Colour photography was prohibitively expensive to produce outside of commercial projects at the time Parks first shot the series, Meister explains, and only a selection of images from the series were printed in colour in Life. “The transparencies that Gordon Parks made have been held back for a number of years for the right institution to thoughtfully put together an exhibition and book,” Kunhardt adds. The catalogue, published by Steidl with essays by Meister, Bryan Stevenson, the founder of the Equal Justice Initiative, and the art historian Nicole Fleetwood, who also wrote Marking Time: Art in the Age of Mass Incarceration, includes all the images from the acquisition.

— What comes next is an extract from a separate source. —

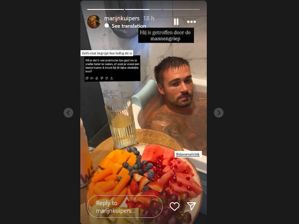 Men’s flu Dave Roelvink is struck by the male flu. Fortunately he is in good hands with his girlfriend Marijn Kuipers.
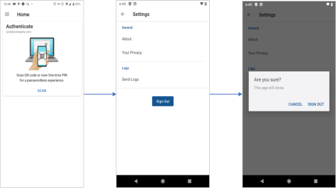 To deactivate Authenticator Only in the UEM client for Android,open the menu and tap Settings > Sign Out.

The museum already had a few works by Parks in its collection, including the dramatic black and white image Raiding Detectives, Chicago, Illinois, which the photographer gave to MoMA in 1993 in honour of Edward Steichen. “That has been an incredibly important piece in the collection, and it both encapsulates the story in Life magazine and yet is an incredibly inadequate representation of it, in that it is black and white as Parks printed the series at that time for himself,” Meister says. “One of the things that was always missing was this one story in depth and what that presence in the collection allows you to do.” In addition to the full set of colour prints of The Atmosphere of Crime photos, ranging in size between 16 by 20 and 20 by 24 inches, the foundation also gave MoMA an untitled vintage black and white print from the series showing the justice system from the prisoner’s point of view.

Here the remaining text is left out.